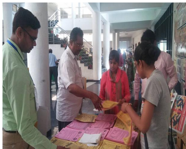
View of Awareness Stall and Exhibit
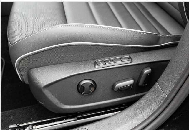
Grevenbroich GOTTFRIED SCHULTZ
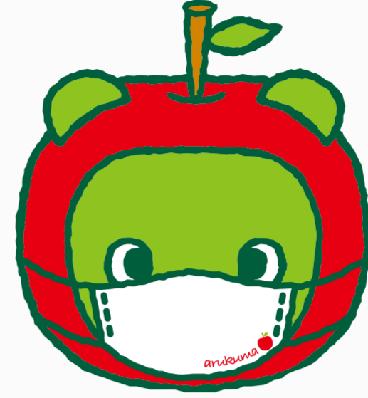
長野県PRキャラクター 「アルクマ」 ©長野県アルクマ
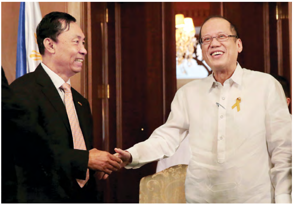
ပြည်သူ့လွှတ်တော်ဥက္ကဋ္ဌ သူရဦးရွှေမန်းနှင့် ဖိလစ်ပိုင်သမ္မတနိုင်ငံ သမ္မတတို့ ရင်းရင်းနှီးနှီးတွေ့ဆုံနှုတ်ဆက် ကြစဉ်။ (သတင်းစဉ်)

ပြည်ထောင်စုလွှတ်တော်နာယကက မြန်မာနိုင်ငံတွင် ပြုပြင်ပြောင်းလဲရေးဆောင်ရွက်နေခြင်းအား ဖိလစ်ပိုင် သမ္မတက အားပေးကူညီသဖြင့် ကျေးဇူးတင်ရှိပါကြောင်း၊ မိမိတို့နိုင်ငံသည်လည်း အတိတ်သမိုင်း၏ သင်ခန်းစာများ ကို ရယူလျက် လွှတ်တော်အတွင်းတွင် ပါတီအချင်းချင်း

******

**ASSIGNMENT:** Retype the entries verbatim and drop the pictures.

**COMPLETED EXERCISE:**
View of Awareness Stall and Exhibit
Grevenbroich GOTTFRIED SCHULTZ
長野県PRキャラクター 「アルクマ」 ©長野県アルクマ
ပြည်သူ့လွှတ်တော်ဥက္ကဋ္ဌ သူရဦးရွှေမန်းနှင့် ဖိလစ်ပိုင်သမ္မတနိုင်ငံ သမ္မတတို့ ရင်းရင်းနှီးနှီးတွေ့ဆုံနှုတ်ဆက် ကြစဉ်။ (သတင်းစဉ်)

ပြည်ထောင်စုလွှတ်တော်နာယကက မြန်မာနိုင်ငံတွင် ပြုပြင်ပြောင်းလဲရေးဆောင်ရွက်နေခြင်းအား ဖိလစ်ပိုင် သမ္မတက အားပေးကူညီသဖြင့် ကျေးဇူးတင်ရှိပါကြောင်း၊ မိမိတို့နိုင်ငံသည်လည်း အတိတ်သမိုင်း၏ သင်ခန်းစာများ ကို ရယူလျက် လွှတ်တော်အတွင်းတွင် ပါတီအချင်းချင်း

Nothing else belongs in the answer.